Alerts: after each classify batch (~10 min) + after each price-sync (~5 min in market hours). 4h cooldown per alert.

Privacy + isolation

All data is per-user isolated at the DB level via row-level user_id filtering. Watchlists, theses, alerts, notes — all yours, not someone else's.

Shared content (digests, news summaries, sentiment scores) is one per symbol — not per user. That keeps AI costs radically low (one digest serves all watchers of a stock) and means we DON'T show per-user AI spend — it's shared.

No third-party analytics. No Google, no Facebook, no Hotjar. Anonymous activity logs with weekly-rotated session IDs for product debugging, nothing more.

What it ISN'T

Not investment advice. Not registered as an investment advisor with the AFM. AI output is research, not recommendations. Decisions are your responsibility.

No execution. We don't route orders, open positions, or close losses. For execution, find a broker.
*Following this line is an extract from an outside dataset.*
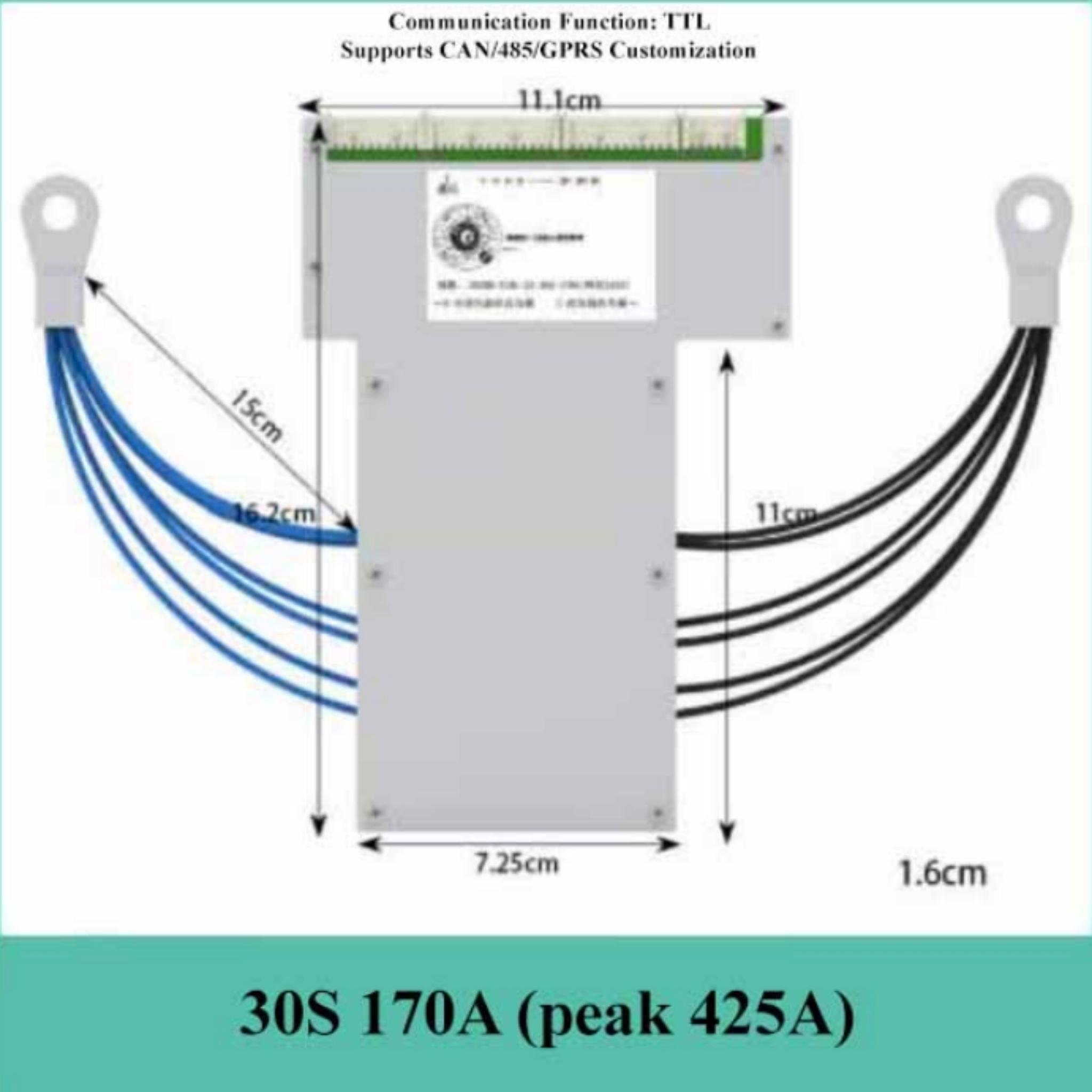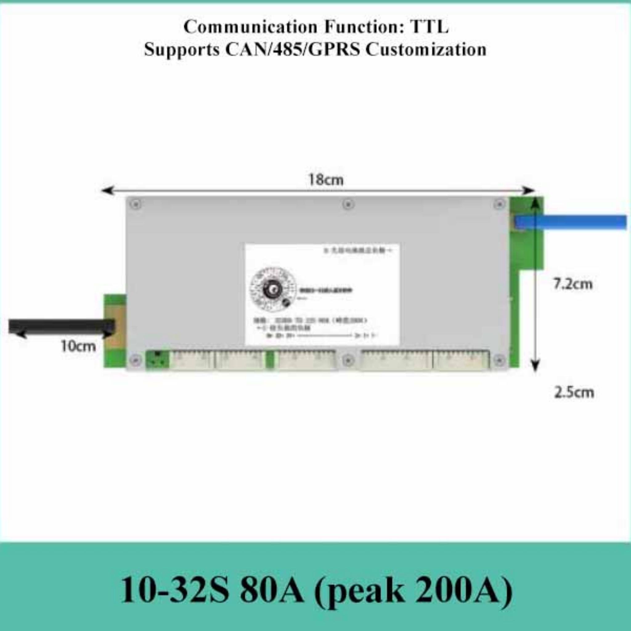 The 80A intelligent BMS equipped with a comprehensive range of functions. These functions include cell voltage detection, temperature detection, and high-voltage detection for real-time monitoring of battery status; battery balancing to ensure consistent performance across battery cells; customizable communication interfaces supporting CAN (Controller Area Network), 485, and TTL (Transistor-Transistor Logic) protocols to adapt to diverse application scenarios; GPRS and Bluetooth connectivity (with mobile APP compatibility) for remote data transmission and user interaction; sleep-wake-up control and delayed power-off features for energy conservation and operational safety; State of Charge (SOC) estimation to accurately assess remaining battery capacity; and MOSFET control for precise regulation of battery charging, discharging, and overall operation.

No real-time data. Prices are EOD candles; news ingest runs on a 5–30 min delay. For day-trading this is the wrong tool.

No perfect coverage. Yahoo + Finnhub have gaps for non-US listings, recently published tickers, micro-caps. We leave empty sections empty rather than guess.

AI can be wrong. Sentiment classifier ~70%. Digest AI hallucinates less than a chatbot because we feed structured input, but it's still a statistical model. Citations + raw data are there for verification.